変な人だ。――直感で思った。この仕事、断ったほうが良いと。
「重いものは持てません。体力もないです。あの、申し訳ないんですがやっぱり――」
「だが正直だ。採用」
僕の言葉を切り捨てるようにイスルギは言った。
「ちょっと待ってください、僕――」
「いやあ、助かったよ。いい子を見つけてくれて」
僕を無視し、イスルギは三ツ橋に向き直った。
約束の紹介料だ――イスルギはジャケットの内ポケットから高価そうな財布を出し、万札を五枚抜いて三ツ橋に渡した。

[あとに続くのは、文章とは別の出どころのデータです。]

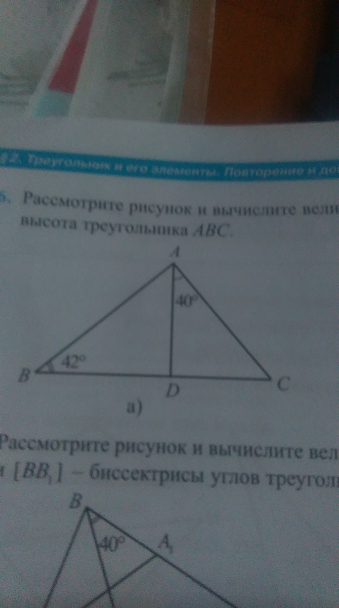 "Рассмотрите рисунок и вычислите величину угла А треугольника АВС, если АD - высота треугольника АВ

唖然とした。こっちの報酬は一万円なのに、ただ紹介しただけの三ツ橋が五万円とはどうゆうわけなのだ。
「三ツ橋くん。君はもういいよ。また連絡する」
三ツ橋は「まいど」と猫のように目を細めて笑うと、ソファーから立ち上がった。
「じゃあな、間宮。詳しいことはイスルギさんに聞いて」
「ちょっと待てよ、三ツ橋――」
腰を上げかけた僕に、イスルギは「座りたまえ」と低く言った。
その隙に三ツ橋はガラスドアから出て行ってしまった。